▶ _Data for processing_
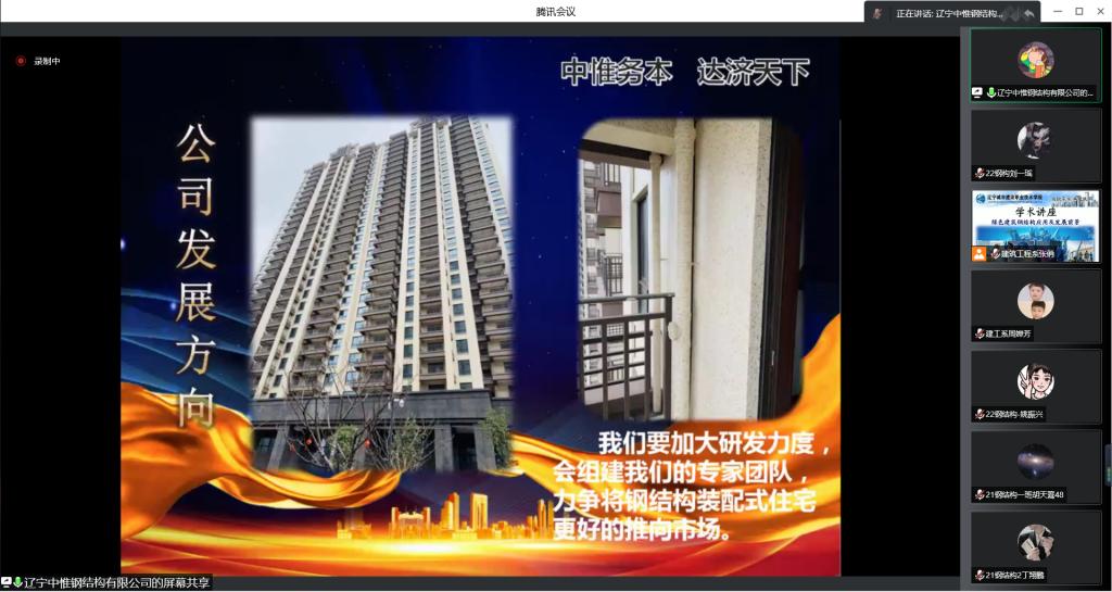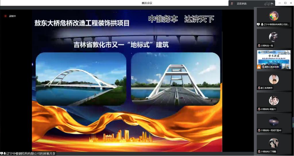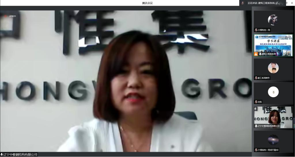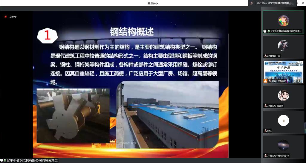 近日,我院建筑工程系建筑钢结构工程技术专业邀请沈阳中惟集团总经理,高级工程师,吉林省建筑业协会钢结构专业专家邱景秀,以线上腾讯会议的形式开展《绿色建筑钢结构的应用及发展前景》学术讲座。
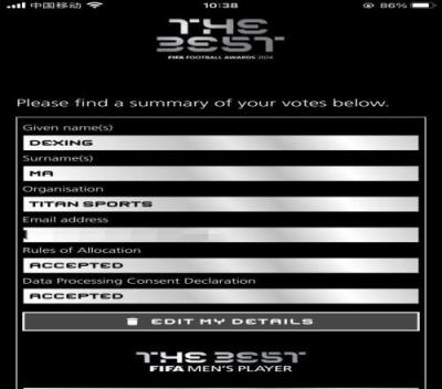 体育资讯12月18日报道宣称 2024FIFA最佳颁奖今日揭晓,维尼修斯当选最佳男足球员。中国区评审马德兴的投票与前三吻合,他发文介绍了本次投票的理由。
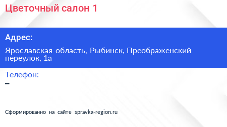 Цветочный салон 1 по адресу Ярославская область, Рыбинск, Преображенский переулок, 1а в дальнейшем Организация, размещена в следующих категориях:
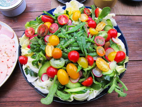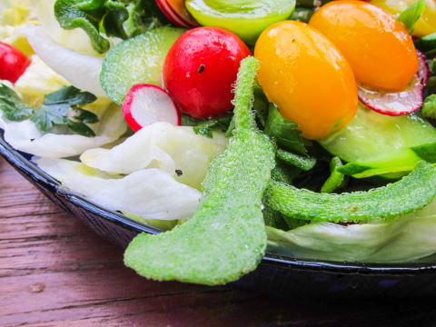 そして、この山盛りサラダ。地元の新鮮な野菜が使われています。このサラダの中に、アイスプラントが入っていました。
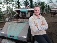 05-09-2015 - Chris Bomers in Groenlo heeft een jaar ervaring met de koeientuin. Dat is een vrijloopstal met mestrobot, bomen en een serrestal als overkapping. Het verwijderen van de mest van de vloer...
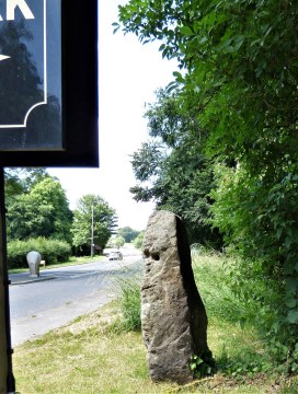 Instead of driving to the Red Lion as is our ‘tradition’ when coming back from these research trips via Avebury, we decided, for a change, to stop at the pub on the outskirts of the great monument. There was no reason for this particularly, we just thought that we should. And anyway, there is a rather cheerful stone outside the pub that welcomes you and invites you in. It may or may not be ‘original’, but it is not out of place in this landscape. As it was a hot and sunny day, we took our drinks out into the garden of this thatched, seventeenth century inn.
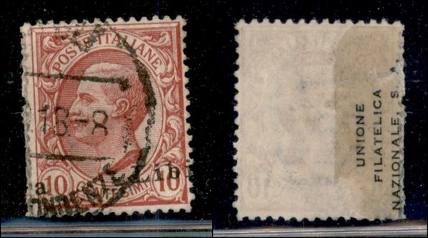 1912 - 10 cent Leoni (4d) usato - soprastampa obliqua a cavallo ( a Libi)
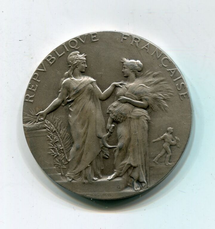 ARGENT - ENSEIGNEMENT AGRICOLE - médaille classe argent en argent 1er titre 950 millièmes - "République Française", le science debout tête laurée, la main droite posée sur un livre, pose la main droite sur l'épaule d'un agricultrice avec gerbe de blé sur l'épaule ; au fond semeur ; œuvre signée Alphée DUBOIS - Revers : " Ministère de l'Agriculture ", écu sur gerbe de blé, feuilles de vigne et grappes de raisin nouées par un ruban légendé "Science - Labeur "- sur la tranche poinçons argent 1 et corne- 40 mm - 36,88 grammes - TTB
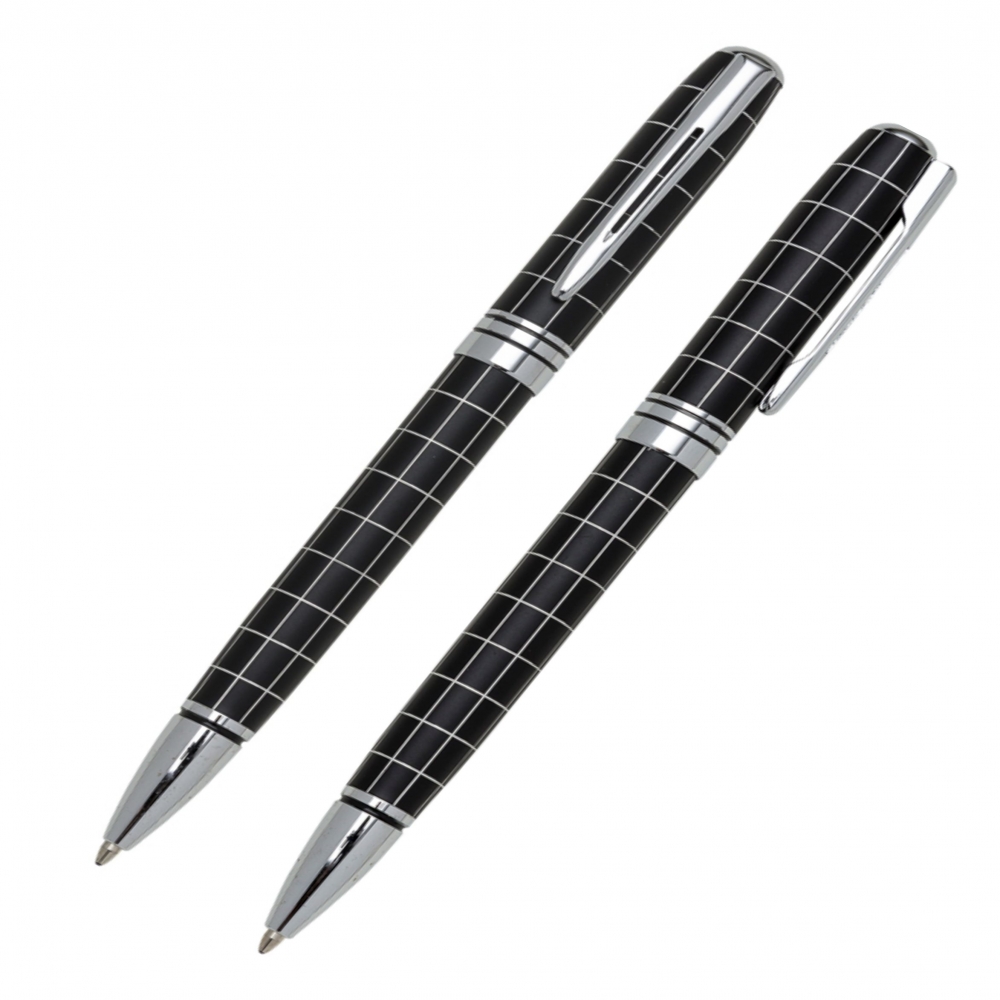Caneta metal preta inteira quadriculada, parte superior com retangulo preto liso para personalização. Possui clip metal com um traço vazado e ponta superior prata, três anéis centrais(dois com relevo preto) com relevo e anel inferior com relevo preto. Aciona por giro.

▶ _Task statement_
With the images removed, write out all of the material above exactly.

▶ _Your response_
 近日,我院建筑工程系建筑钢结构工程技术专业邀请沈阳中惟集团总经理,高级工程师,吉林省建筑业协会钢结构专业专家邱景秀,以线上腾讯会议的形式开展《绿色建筑钢结构的应用及发展前景》学术讲座。
 体育资讯12月18日报道宣称 2024FIFA最佳颁奖今日揭晓,维尼修斯当选最佳男足球员。中国区评审马德兴的投票与前三吻合,他发文介绍了本次投票的理由。
 Цветочный салон 1 по адресу Ярославская область, Рыбинск, Преображенский переулок, 1а в дальнейшем Организация, размещена в следующих категориях:
 そして、この山盛りサラダ。地元の新鮮な野菜が使われています。このサラダの中に、アイスプラントが入っていました。
 05-09-2015 - Chris Bomers in Groenlo heeft een jaar ervaring met de koeientuin. Dat is een vrijloopstal met mestrobot, bomen en een serrestal als overkapping. Het verwijderen van de mest van de vloer...
 Instead of driving to the Red Lion as is our ‘tradition’ when coming back from these research trips via Avebury, we decided, for a change, to stop at the pub on the outskirts of the great monument. There was no reason for this particularly, we just thought that we should. And anyway, there is a rather cheerful stone outside the pub that welcomes you and invites you in. It may or may not be ‘original’, but it is not out of place in this landscape. As it was a hot and sunny day, we took our drinks out into the garden of this thatched, seventeenth century inn.
 1912 - 10 cent Leoni (4d) usato - soprastampa obliqua a cavallo ( a Libi)
 ARGENT - ENSEIGNEMENT AGRICOLE - médaille classe argent en argent 1er titre 950 millièmes - "République Française", le science debout tête laurée, la main droite posée sur un livre, pose la main droite sur l'épaule d'un agricultrice avec gerbe de blé sur l'épaule ; au fond semeur ; œuvre signée Alphée DUBOIS - Revers : " Ministère de l'Agriculture ", écu sur gerbe de blé, feuilles de vigne et grappes de raisin nouées par un ruban légendé "Science - Labeur "- sur la tranche poinçons argent 1 et corne- 40 mm - 36,88 grammes - TTB
Caneta metal preta inteira quadriculada, parte superior com retangulo preto liso para personalização. Possui clip metal com um traço vazado e ponta superior prata, três anéis centrais(dois com relevo preto) com relevo e anel inferior com relevo preto. Aciona por giro.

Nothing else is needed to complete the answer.